Is every hair affected by protein in the same way?

The good news is that every strand of hair, regardless of its color or texture, is unique on a cellular level. The main factor that sets them apart lies in the size of their pores. This pore size determines their ability to absorb and retain moisture. Hair with smaller pores tends to be more resistant to moisture and therefore more sensitive to protein, while hair with larger pores often lacks sufficient protein. Typically, hair becomes more porous due to damage from chemicals, coloring treatments, environmental changes like weather fluctuations and air pollution. In such cases, it is actually recommended to incorporate protein into your hair care routine.
However, if you have natural hair without any significant damage or porosity issues caused by external factors like air pollution or excessive chemical exposure, your hair likely has healthy levels of protein naturally present in it. In this situation, using products containing high amounts of protein can potentially cause unnecessary harm.
מרכיב מזיק לשיער בשמפו: אישה מנפנפת בשיערה ומחזיקה תכשיר לשיער בידה

How to determine if a particular product contains enough protein for your needs

One way to determine if your hair products contain a substantial amount of protein is by examining the label for specific keywords. Typically, products that promote strength, repair, reconstruction, or restoration of hair are rich in protein. It is important to pay attention and search for terms such as keratin, casein, panthenol, cholesterol, and collagen among the ingredients listed in the product.
Avoiding products that contain protein can be challenging, since many hair products incorporate some form of it. To determine the protein content, carefully review the ingredients list and note their placement. If protein components are listed towards the top, it indicates a higher concentration in the product. Conversely, if they appear towards the end of the list, their concentration is lower and therefore safer to use. However, some products may list ingredients in alphabetical order, making it harder to gauge concentrations accurately.
So how can we tell if your hair is getting too much protein?
To determine if your hair is experiencing an excess of protein, the initial step is to discontinue using hair products that contain high levels of protein for a duration of three months. Following this, conduct a test on a small portion of your hair with one product that you previously used. If you observe that your hair becomes dry and fragile, it indicates sensitivity to the protein present in the product.
Bear in mind that restoring moisture and achieving balance between moisture and protein in your hair is not an immediate process; it may take up to six months. During this period, it is advisable to utilize a clarifying shampoo which helps prevent build-up of substances on the hair strands, consequently enabling better penetration of moisture.
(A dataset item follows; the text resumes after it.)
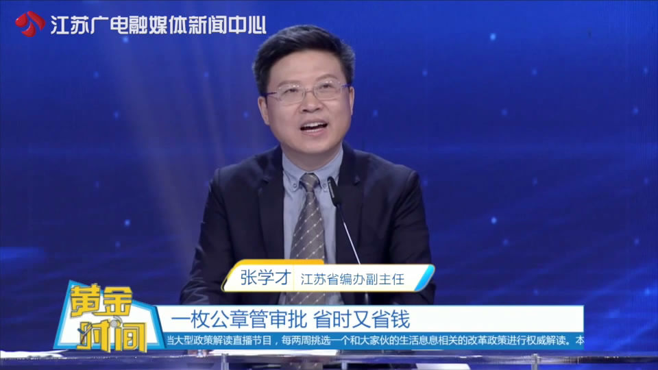 江苏省编办副主任 张学才: 江苏还有一项改革不得不说,就是相对集中行政许可权改革。江苏组建行政审批局,按照行政许可法的有关规定,将分散在各个部门的审批事项交由行政审批局来承担,实现一枚印章管审批。

It's worth noting that your diet also plays a significant role in providing your hair with the necessary protein. It could be possible that a deficiency in your diet is the main cause of your perceived need for protein-rich hair products. During the cleansing phase, it's important to incorporate foods into your diet that promote hair recovery and growth. These foods should be rich in iron, vitamin C, niacin, biotin, and zinc.

To make it easier for you, here is a list of specific foods containing these essential nutrients:

- Iron: Include red meat, spinach, broccoli, lentils, beans nuts and dried fruits.
- Vitamin C: Incorporate broccoli Brussels sprouts cauliflower shrimp spinach sweet potato and citrus fruits into your meals.
- Niacin: Add liver salmon tuna turkey anchovies peanuts avocado mushrooms and brown rice to boost niacin levels.
- Biotin: Include eggs almonds cauliflower mushrooms sweet potato and spinach in order to benefit from biotin intake.
- Zinc: Incorporate legumes nuts eggs whole wheat products as well as dark chocolate into your diet.
By including these nutrient-rich foods into your daily meals during the cleansing period can help nourish the hair from within, promoting growth and strength. It is important to understand that when your body lacks certain vitamins or minerals, the first visible indication is usually in your hair. It is advisable to address this issue through proper nutrition rather than relying on products that claim to fix it.